Record excerpts

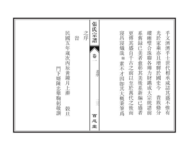 张氏宗谱 民國五年嵗次丙辰黃鐘月上澣 旹 之序 寖昌寖熾哉 更傳其盛自千古之前以至於萬代之後而 系舊録已美者愈彰其美後系新編已盛者 縷晰璧合珠聯各殫力財鐫成大宗統譜前 光於家乘亦且增輝於國史今 乎文濟濟乎士世代相承咸誌其盛不惟有 卷一 舉 素不才因卽其大概秉筆爲 門下婿陳忠舉鞠躬敬譔 老序 二三 貴族條分 穀旦 百忍堂
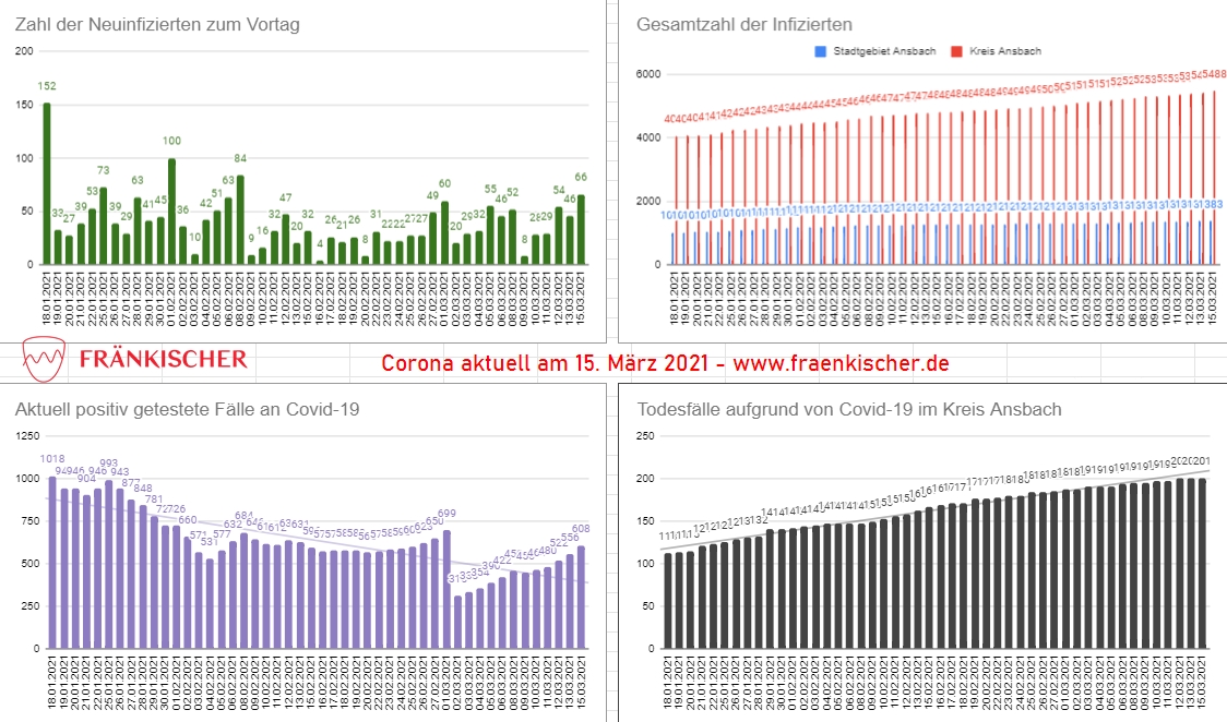 Stadt und Landkreis Ansbach, 15. März 2021 – Im Vergleich zur letzten Meldung gibt es 66 weitere Infektionsfälle und damit seit Beginn der weltweiten Corona-Pandemie insgesamt 6.871 bestätigte Corona-Fälle in Landkreis Ansbach und Stadt Ansbach.
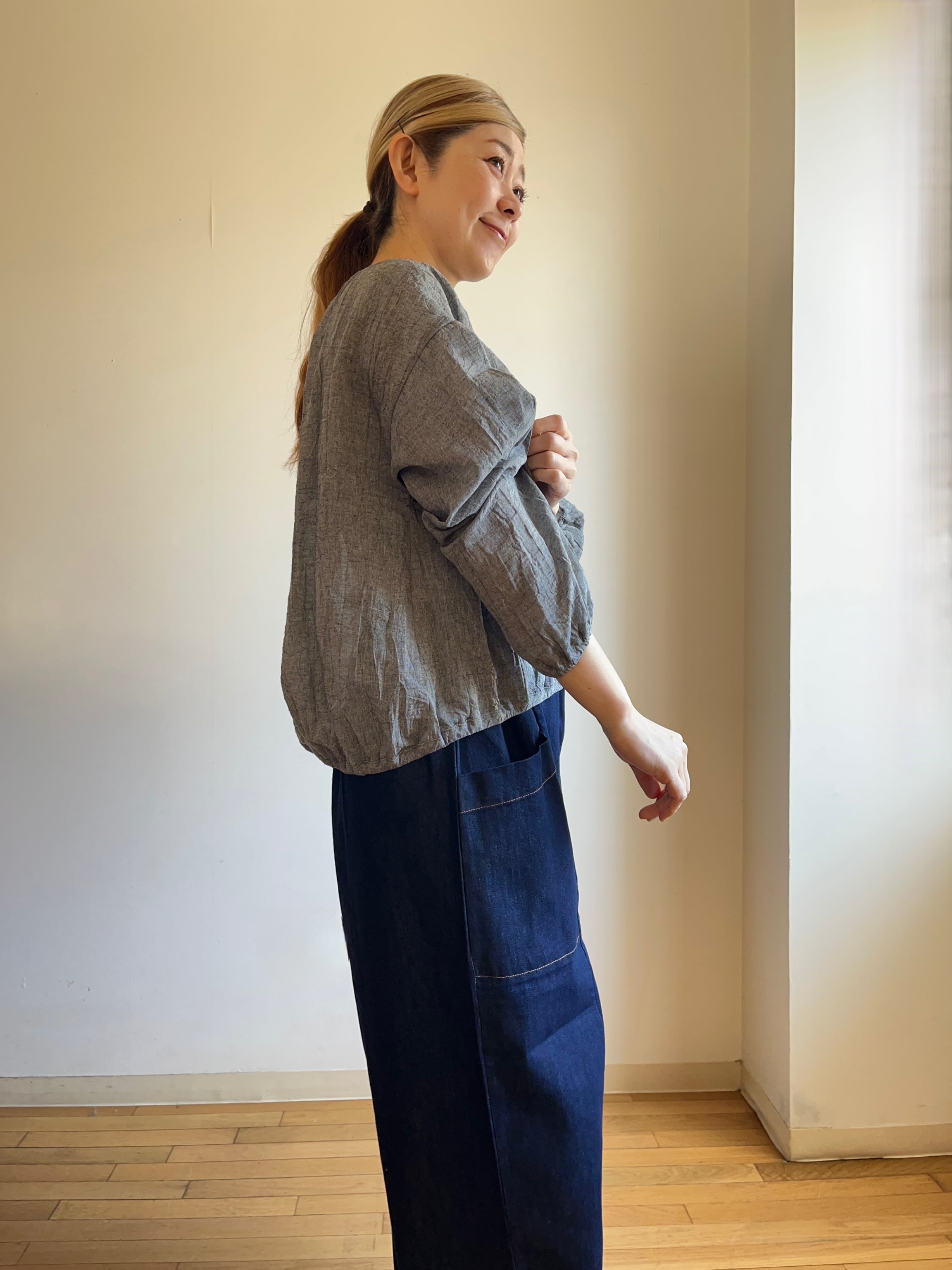 裾ゴム綿麻ブラウス
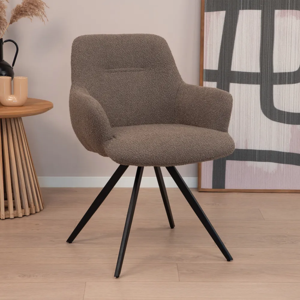 Sohome Beige Eetkamerstoelen|Eetkamerstoelen Bouclé / Teddy|Draaibare Eetkamerstoel Aimée Bouclé
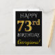 Black, Faux Gold 73rd Birthday + Custom Name Postcard

The problem
A verbatim copy of every entry is wanted; the pictures stay out of it.

Solution to this problem
 张氏宗谱 民國五年嵗次丙辰黃鐘月上澣 旹 之序 寖昌寖熾哉 更傳其盛自千古之前以至於萬代之後而 系舊録已美者愈彰其美後系新編已盛者 縷晰璧合珠聯各殫力財鐫成大宗統譜前 光於家乘亦且增輝於國史今 乎文濟濟乎士世代相承咸誌其盛不惟有 卷一 舉 素不才因卽其大概秉筆爲 門下婿陳忠舉鞠躬敬譔 老序 二三 貴族條分 穀旦 百忍堂
 Stadt und Landkreis Ansbach, 15. März 2021 – Im Vergleich zur letzten Meldung gibt es 66 weitere Infektionsfälle und damit seit Beginn der weltweiten Corona-Pandemie insgesamt 6.871 bestätigte Corona-Fälle in Landkreis Ansbach und Stadt Ansbach.
 裾ゴム綿麻ブラウス
 Sohome Beige Eetkamerstoelen|Eetkamerstoelen Bouclé / Teddy|Draaibare Eetkamerstoel Aimée Bouclé
 Black, Faux Gold 73rd Birthday + Custom Name Postcard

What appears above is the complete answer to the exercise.